Florida’s criminal justice system handles a criminal case from the arrest until the case is closed. Several departments and agencies are involved in the system, each with its own protocols and procedures. Additionally, each of Florida’s 67 counties classify and maintain criminal information differently, creating inconsistency and transparency issues across the state. This makes it very difficult to compare the efficacy of our criminal justice system from county to county.

To combat these issues, this session, SB 1392 was introduced. The policies in this bill will create a one-stop portal that could make Florida a leader in criminal justice data collection and dissemination. Although we are fortunate to have an abundance of research to help policymakers make informed decisions, this legislation will be extremely helpful for years to come. The bill passed both Houses of the legislature and awaits signature from the Governor.

Open data provides transparency and understanding for the public, and that is just the type of sunshine Florida needs. SB 1392 is broken down into two parts, data transparency and pre-arrest diversion.

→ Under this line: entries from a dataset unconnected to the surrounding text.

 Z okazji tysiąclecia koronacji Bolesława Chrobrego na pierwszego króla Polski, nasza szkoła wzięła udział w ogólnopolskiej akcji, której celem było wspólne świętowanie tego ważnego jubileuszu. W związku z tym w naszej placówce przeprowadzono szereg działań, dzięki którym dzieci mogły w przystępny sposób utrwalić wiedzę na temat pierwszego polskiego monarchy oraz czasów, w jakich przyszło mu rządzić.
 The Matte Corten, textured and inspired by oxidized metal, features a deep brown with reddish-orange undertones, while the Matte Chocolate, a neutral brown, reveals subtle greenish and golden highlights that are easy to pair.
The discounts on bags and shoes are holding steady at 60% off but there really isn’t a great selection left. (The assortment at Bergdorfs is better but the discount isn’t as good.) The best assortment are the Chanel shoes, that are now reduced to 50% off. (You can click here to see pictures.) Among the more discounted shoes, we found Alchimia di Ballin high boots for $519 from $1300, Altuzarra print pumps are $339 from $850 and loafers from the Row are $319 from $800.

The Data Transparency portion of the bill creates a model for uniform criminal justice data collection.

Specifically, the bill:

  • Defines terms used in the bill as they relate to data collection;
  • Requires the clerks of court, state attorneys, public defenders, county detention facility administrators, and the Department of Corrections to collect specified data on a biweekly basis and report it to the Florida Department of Law Enforcement (FDLE) on a monthly basis;
  • Requires the FDLE to publish the data collected on the FDLE’s website and make it searchable and accessible to the public;
  • Provides that any entity that does not comply with the required data collection is ineligible to receive funding from the General Appropriations Act, any state grant program administered by the FDLE, or any other state agency for five years after the date of noncompliance;
  • Requires additional information to be reported in the annual report for pretrial release programs;
  • Digitizes the Criminal Punishment Code sentencing scoresheet;
  • Authorizes a pilot project in the Sixth Judicial Circuit for the purpose of improving criminal justice data transparency; and
  • Appropriates $1,084,116 in nonrecurring funds to the FDLE for the hiring of nine full-time employees for purposes of implementing the data collection requirements of the amendment and to assist in the transition to incident-based crime reporting to meet the requirements of the Federal Bureau of Investigation under the National Incident-Based Reporting System.

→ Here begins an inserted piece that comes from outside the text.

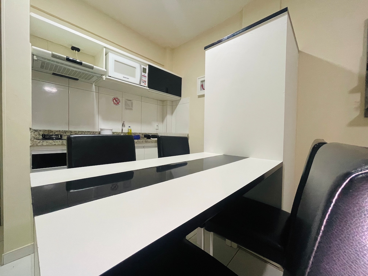 1-BEDROOM APARTMENT, LIVING ROOM WITH INTEGRATED KITCHEN, 1 BATHROOM AND BALCONY WITH PANORAMIC VIEW OF THE LEISURE AREA, 6TH FLOOR. -Located 5 minutes from gas stations, bakery, supermarkets, restaurants, pizzeria and meat shop. -Located 10 min from 2 wholesalers -Located 15 min from Downtown. -Located 200 meters from Lagoa Quente Water Park. Tickets can be purchased at a discount at the condominium reception. Your family will have a great stay!!!
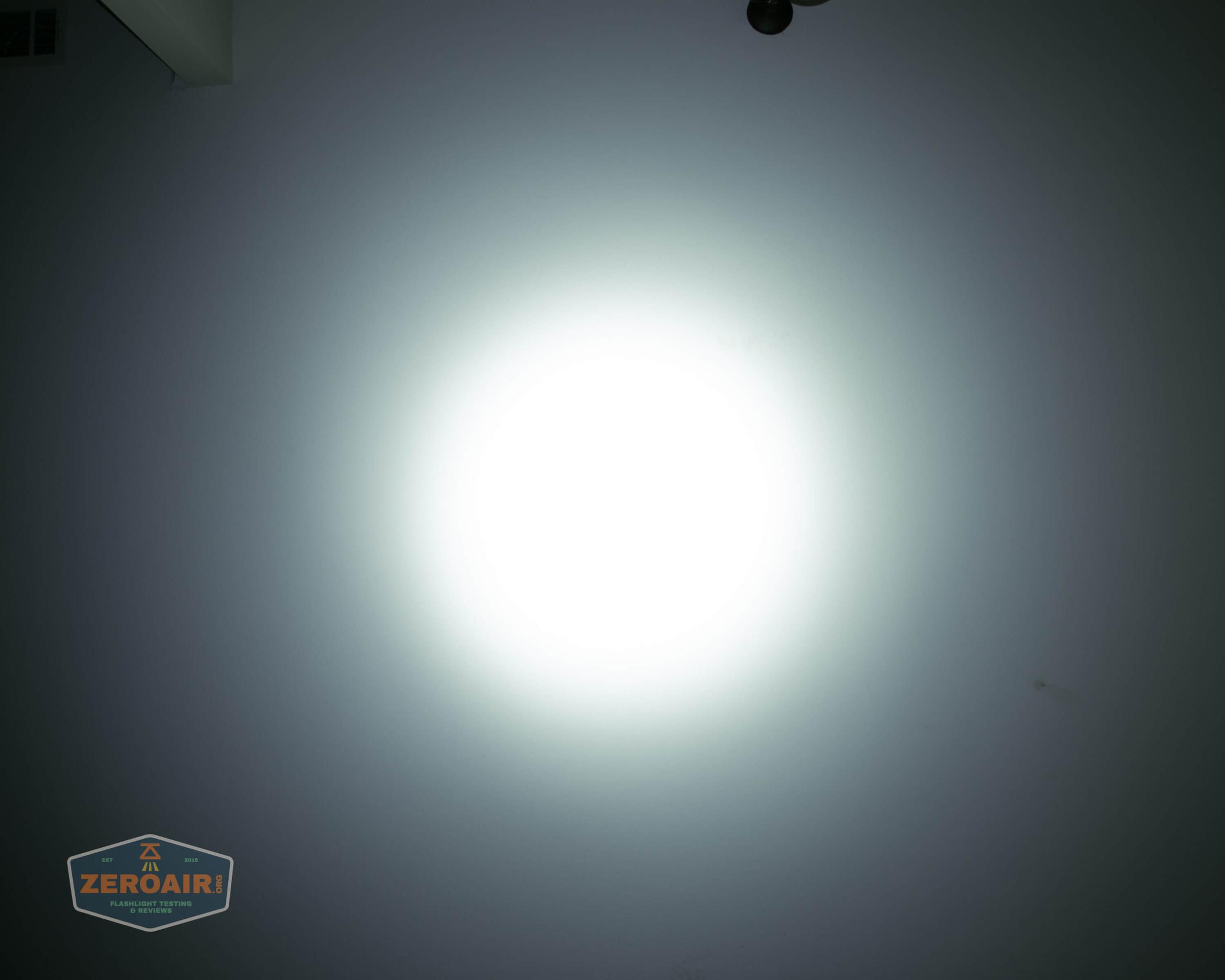 Output steps down from an initial 1660 lumens to over 1500 at 30s. In fact, the light stays over 1500 lumens (the official claim) for over 2 minutes. It does warm up while doing this! Once the light steps down, the output is incredibly flat for hours. Then there’s another stepdown, which lasts for under an hour, and then the light begins to decline in output. The switch warns the user of low voltage along the way. First green, then orange, then solid red, then flashing red. I stopped both of the tests seen below at random times, but the cell voltage was (coincidentally) 2.52V each time. This is purely by chance, and the light doesn’t seem to shut off.

The pre-arrest diversion portion of SB 1392 permits local communities and educational institutions to adopt a model pre-arrest diversion program for adults. The language provides guidelines for how to establish these programs. It also requires a civil citation or similar pre-arrest diversion program for juveniles to be established in each judicial circuit in the state and outlines criteria that each civil citation must specify in developing such program.

SB 1392 also includes language that relates to the adoption of rules by the FDLE to provide for the expunction of a non-judicial record of the arrest of a minor who has successfully completed a diversion program. It also requires submission of data by each diversion program to the Department of Juvenile Justice.

Right on Crime applauds Chairman Sprowls and Senator Brandes for this comprehensive reform package.